Climate change knows no borders, from the Arctic to the Earth’s highest mountains. The colder places of the planet and the populations that depend on them for their survival are all feeling the stress of change. Yet challenge can inspire innovation and help forge new relationships. The relationship between the Hindu Kush Himalaya region and the Arctic region is one such relationship.

Two years ago, the International Centre for Integrated Mountain Development (ICIMOD), a South Asian regional intergovernmental learning and knowledge organization based in Nepal, brought Himalayan yak herders to meet Arctic reindeer herders in Tromsø for the Arctic Frontiers conference. The yearly conference examines how increased human activity impacts the Arctic from economic, political, and social perspectives. Arctic Frontiers seeks to develop ways in which science can better inform policy decisions. ICIMOD’s initial participation helped establish a relationship that carries on to this day.

The third pole

The Centre represents the “third pole”, a region that, outside of the Polar Regions, has more snow and ice than anywhere else in the world. The challenges that the region faces are similar to those that the Arctic faces.

The Hindu Kush Himalaya Assessment, a report published by ICIMOD in February 2019, states that if we could reach a 1.5 degree world, temperatures in the region are expected to increase to 2.1 degrees Celsius by the year 2100. Such an increase would lead to the melting of one-third of the glaciers in the region. A failure to meet the Paris Climate Agreement’s target to cap the rising global temperatures at 2 degrees could result in a five-degree rise, if current emission trends continue.

Several negative impacts

Such a substantial increase could result in two-thirds of the glaciers in the region melting. The Arctic faces the same threat.
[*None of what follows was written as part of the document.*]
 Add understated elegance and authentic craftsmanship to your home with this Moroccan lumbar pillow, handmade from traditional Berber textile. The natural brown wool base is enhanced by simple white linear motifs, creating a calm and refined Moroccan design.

Air temperatures in the Arctic are increasing at least twice as fast as the global average. It is expected that the Arctic could be ice-free during the summers in the near future.
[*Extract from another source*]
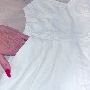NWT Altar’D State Ivory white Denim Romper sweetheart neckline bustier pleated

Lone polar bear in Svalbard searching for food. Photo: Marry K. Waal Sandstå, NVP (Norwegian Scientific Academy for Polar Research)

The threat of increasing temperatures has more of an impact than just the loss of snow and ice. Since the mid-20th century, the shrinking cryosphere in the Arctic and the Himalaya has led to negative impacts on food security, water resources, water quality, livelihoods, health and well-being, infrastructure, transportation, as well as culture of human societies, particularly for indigenous people. The similarities in challenges means that both regions can potentially learn from one another and jointly develop tools for change. Combating climate change is a global challenge, which affects not just one region. A policy solution or failure in one region can have consequences in another.

From Himalaya to Tromsø

In order to increase collaboration, coordination, and share its knowledge, ICIMOD returns to the Arctic Frontiers conference early next year. In collaboration with UiT – The Arctic University of Norway, the Norwegian Scientific Academy for Polar Research, and GRID-Arendal, ICIMOD will co-host the “Arctic-Himalaya Futures: Improving Scientific and Political Coordination and Cooperation” side event.

This event is a major step forward in the process of creating much-needed long-term cooperation mechanisms between the regions, as one of its outcomes is the potential creation of a working group that includes key stakeholders from both the Arctic and Himalaya to share inputs on common issues.

The challenge of combating and reducing the negative effects of climate change is not one that can be done independently. Challenges can breed innovation and two seemingly different yet very similar regions coming together can potentially help bring about positive change and inspire other countries to act.